### PROBLEM TO SOLVE
Each entry below must be repeated exactly, with pictures left out.

### Records contained in a dataset
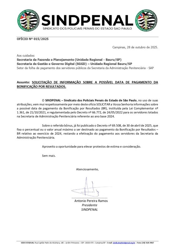 Na data hoje dia 28 outubro de 2025, após envio de ofício, fomos informados pela Secretaria da Fazenda do Estado de São Paulo, que nem tem data e nem previsão para pagamento do Bônus dos policiais penais do Estado de São Paulo.
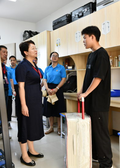 许巧仙副董事长为2023级英语专业的新生颜辉送上迎新大礼包,并鼓励他勤奋学习、苦练本领、增长才干,让学习的灯塔照亮人生前行的道路,为社会做出更大的贡献。颜辉同学感谢校领导和公司的关心,表示会珍惜学习机会,树立远大理想,积极担当奋进。随后,许董事长和公司领导去看望了已入住宿舍的新生。
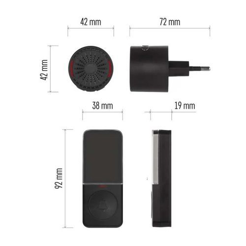- Rozměr přijímače 72 x 42 x 42 mm, rozměr tlačítka 19 x 38 x 92 mm.
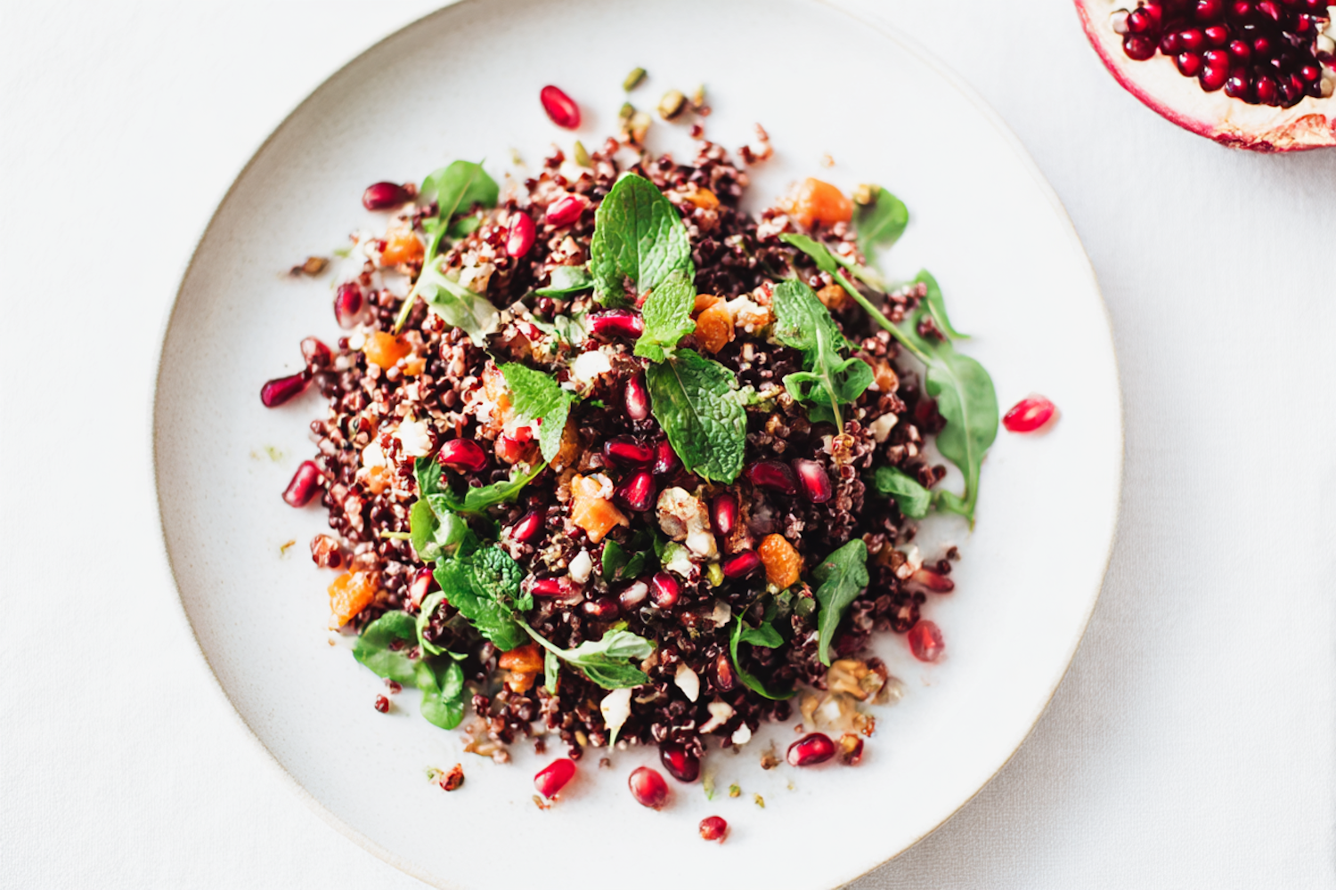 A colorful quinoa salad with pomegranate seeds, mint, arugula, and dried fruits on a white plate, perfect for a healthy meal.
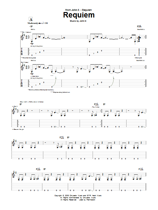 Download or print John 5 Requiem sheet music, chords and digital score arranged for Guitar Tab. This Metal score includes 4 page(s).
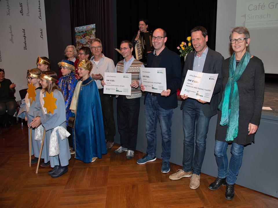 Drei Könige – drei PreiseIn der Jury war die SRF-Korrespondentin Henriette Engbersen, die Regionalverantwortliche des Bistums, Margrith Mühlebach, die beiden Kirchenratspräsidenten, Wilfried Bührer und Cyrill Bischof, Regierungsrätin Cornelia Komposch und Kantonsrat Turi Schallenberg. Diese Zusammenarbeit zwischen Kirche und Staat im Bereich der Diakonie hat Beispiel-Charakter. «Manchmal kommen auch die Thurgauer den Zürchern in einer Sache zuvor», meinte Christoph Sigrist, Pfarrer am Grossmünster und Professor für Diakoniewissenschaft in seiner Ansprache. Symbolisch und passend zur Jahreszeit überbrachten die Sternsinger Eschlikon-Wallenwil die Namen der drei Preisträgerprojekte. Zudem trug der Akkordeonist, Goran Kovacevic, mit seinen virtuosen Zwischenspielen viel zur berührenden Stimmung des Abends bei.
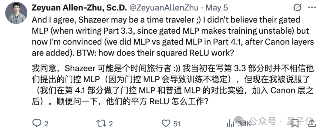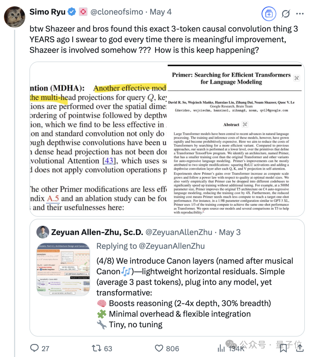 尤其是最近Meta FAIR研究员朱泽园分享了他们《Physics of Language Models》项目的系列新进展后,有网友发现,其中提到的3-token因果卷积相关内容,沙哥等又早在三年前就有相关研究。

### EXERCISE RESPONSE
 Na data hoje dia 28 outubro de 2025, após envio de ofício, fomos informados pela Secretaria da Fazenda do Estado de São Paulo, que nem tem data e nem previsão para pagamento do Bônus dos policiais penais do Estado de São Paulo.
 许巧仙副董事长为2023级英语专业的新生颜辉送上迎新大礼包,并鼓励他勤奋学习、苦练本领、增长才干,让学习的灯塔照亮人生前行的道路,为社会做出更大的贡献。颜辉同学感谢校领导和公司的关心,表示会珍惜学习机会,树立远大理想,积极担当奋进。随后,许董事长和公司领导去看望了已入住宿舍的新生。
- Rozměr přijímače 72 x 42 x 42 mm, rozměr tlačítka 19 x 38 x 92 mm.
 A colorful quinoa salad with pomegranate seeds, mint, arugula, and dried fruits on a white plate, perfect for a healthy meal.
 Download or print John 5 Requiem sheet music, chords and digital score arranged for Guitar Tab. This Metal score includes 4 page(s).
 Drei Könige – drei PreiseIn der Jury war die SRF-Korrespondentin Henriette Engbersen, die Regionalverantwortliche des Bistums, Margrith Mühlebach, die beiden Kirchenratspräsidenten, Wilfried Bührer und Cyrill Bischof, Regierungsrätin Cornelia Komposch und Kantonsrat Turi Schallenberg. Diese Zusammenarbeit zwischen Kirche und Staat im Bereich der Diakonie hat Beispiel-Charakter. «Manchmal kommen auch die Thurgauer den Zürchern in einer Sache zuvor», meinte Christoph Sigrist, Pfarrer am Grossmünster und Professor für Diakoniewissenschaft in seiner Ansprache. Symbolisch und passend zur Jahreszeit überbrachten die Sternsinger Eschlikon-Wallenwil die Namen der drei Preisträgerprojekte. Zudem trug der Akkordeonist, Goran Kovacevic, mit seinen virtuosen Zwischenspielen viel zur berührenden Stimmung des Abends bei.
 尤其是最近Meta FAIR研究员朱泽园分享了他们《Physics of Language Models》项目的系列新进展后,有网友发现,其中提到的3-token因果卷积相关内容,沙哥等又早在三年前就有相关研究。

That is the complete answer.